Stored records
-=-=-=-=-

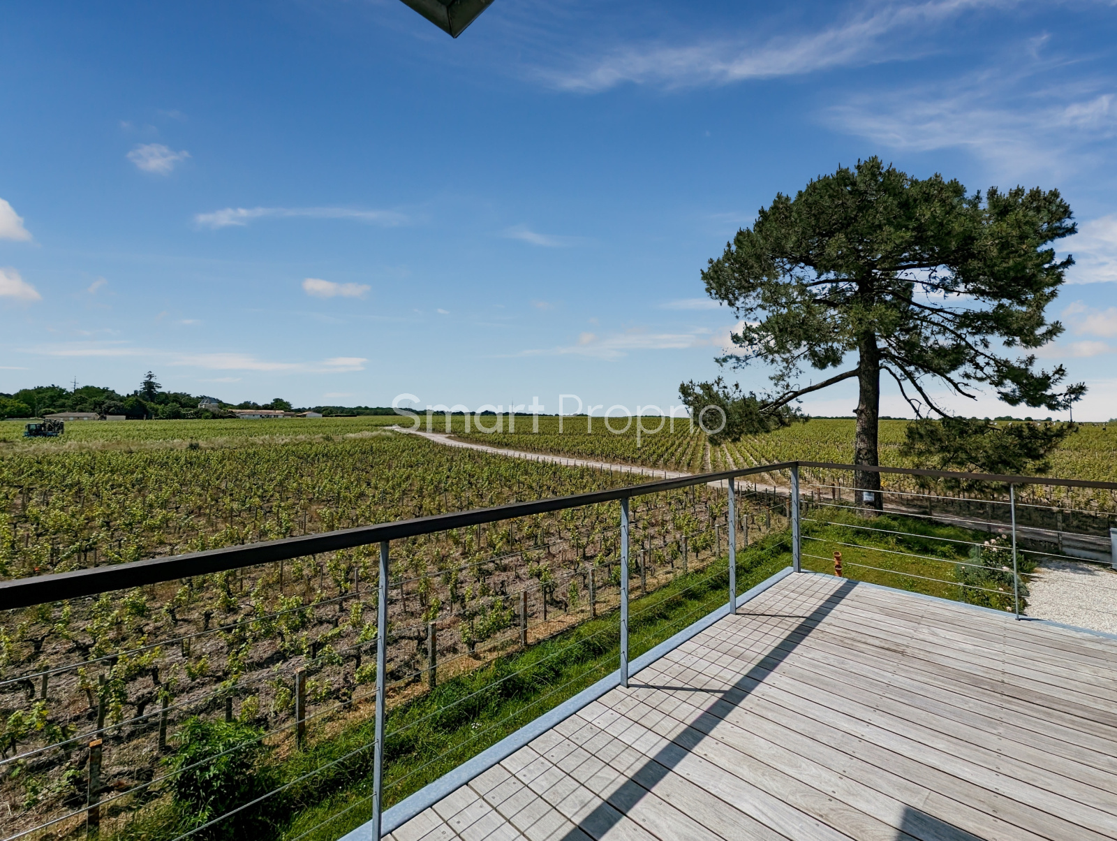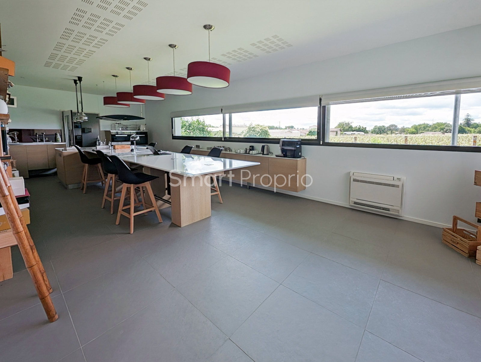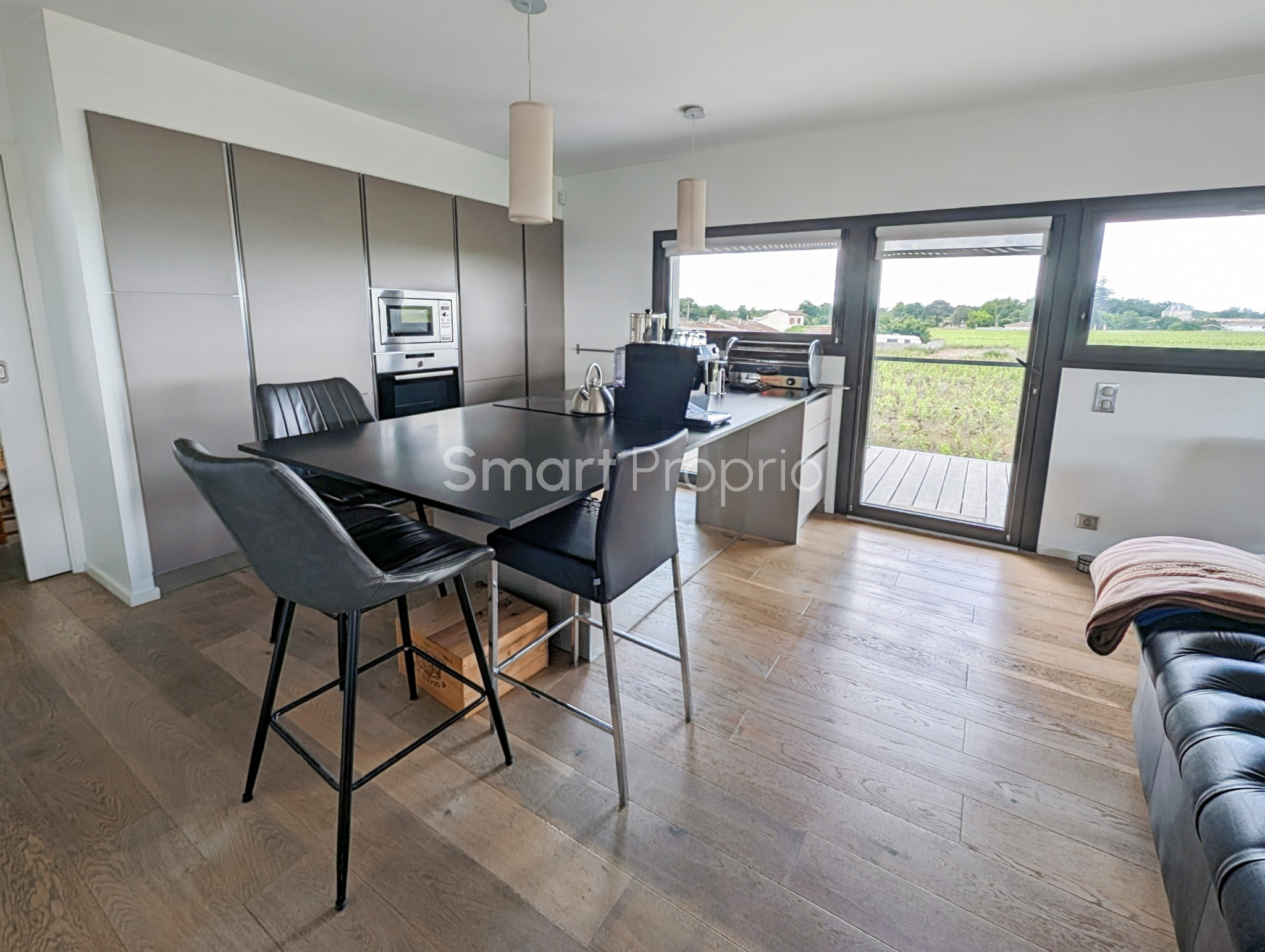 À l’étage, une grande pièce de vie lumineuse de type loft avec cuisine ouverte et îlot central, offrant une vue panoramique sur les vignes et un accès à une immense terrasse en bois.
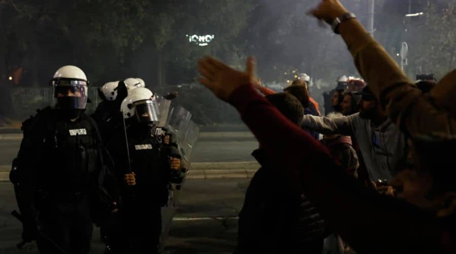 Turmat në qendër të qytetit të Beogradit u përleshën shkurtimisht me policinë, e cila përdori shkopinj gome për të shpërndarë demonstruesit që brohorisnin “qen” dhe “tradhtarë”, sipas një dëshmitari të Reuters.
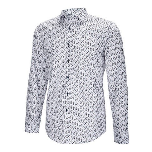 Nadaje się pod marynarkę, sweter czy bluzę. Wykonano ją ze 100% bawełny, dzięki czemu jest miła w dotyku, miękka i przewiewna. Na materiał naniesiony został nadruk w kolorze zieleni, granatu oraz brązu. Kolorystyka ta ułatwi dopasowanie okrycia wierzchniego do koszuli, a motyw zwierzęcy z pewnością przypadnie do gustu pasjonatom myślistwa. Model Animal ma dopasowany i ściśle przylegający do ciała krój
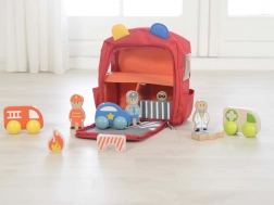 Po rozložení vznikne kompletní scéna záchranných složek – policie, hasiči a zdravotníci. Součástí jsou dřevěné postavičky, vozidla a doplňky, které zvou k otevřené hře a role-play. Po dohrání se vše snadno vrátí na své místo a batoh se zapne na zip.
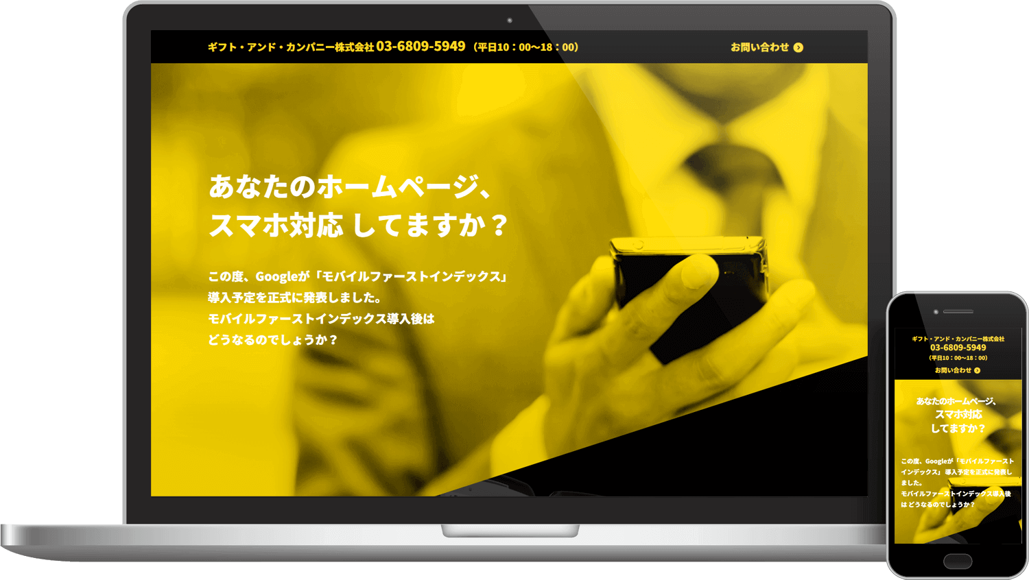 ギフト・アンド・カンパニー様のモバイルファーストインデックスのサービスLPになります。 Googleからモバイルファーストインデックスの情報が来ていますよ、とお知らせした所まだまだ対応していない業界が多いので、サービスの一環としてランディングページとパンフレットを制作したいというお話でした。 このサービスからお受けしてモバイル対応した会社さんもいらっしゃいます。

-=-=-=-=-

* Your objective:
Each record must appear again exactly as written above, without its pictures.

* Solved exercise:
 À l’étage, une grande pièce de vie lumineuse de type loft avec cuisine ouverte et îlot central, offrant une vue panoramique sur les vignes et un accès à une immense terrasse en bois.
 Turmat në qendër të qytetit të Beogradit u përleshën shkurtimisht me policinë, e cila përdori shkopinj gome për të shpërndarë demonstruesit që brohorisnin “qen” dhe “tradhtarë”, sipas një dëshmitari të Reuters.
 Nadaje się pod marynarkę, sweter czy bluzę. Wykonano ją ze 100% bawełny, dzięki czemu jest miła w dotyku, miękka i przewiewna. Na materiał naniesiony został nadruk w kolorze zieleni, granatu oraz brązu. Kolorystyka ta ułatwi dopasowanie okrycia wierzchniego do koszuli, a motyw zwierzęcy z pewnością przypadnie do gustu pasjonatom myślistwa. Model Animal ma dopasowany i ściśle przylegający do ciała krój
 Po rozložení vznikne kompletní scéna záchranných složek – policie, hasiči a zdravotníci. Součástí jsou dřevěné postavičky, vozidla a doplňky, které zvou k otevřené hře a role-play. Po dohrání se vše snadno vrátí na své místo a batoh se zapne na zip.
 ギフト・アンド・カンパニー様のモバイルファーストインデックスのサービスLPになります。 Googleからモバイルファーストインデックスの情報が来ていますよ、とお知らせした所まだまだ対応していない業界が多いので、サービスの一環としてランディングページとパンフレットを制作したいというお話でした。 このサービスからお受けしてモバイル対応した会社さんもいらっしゃいます。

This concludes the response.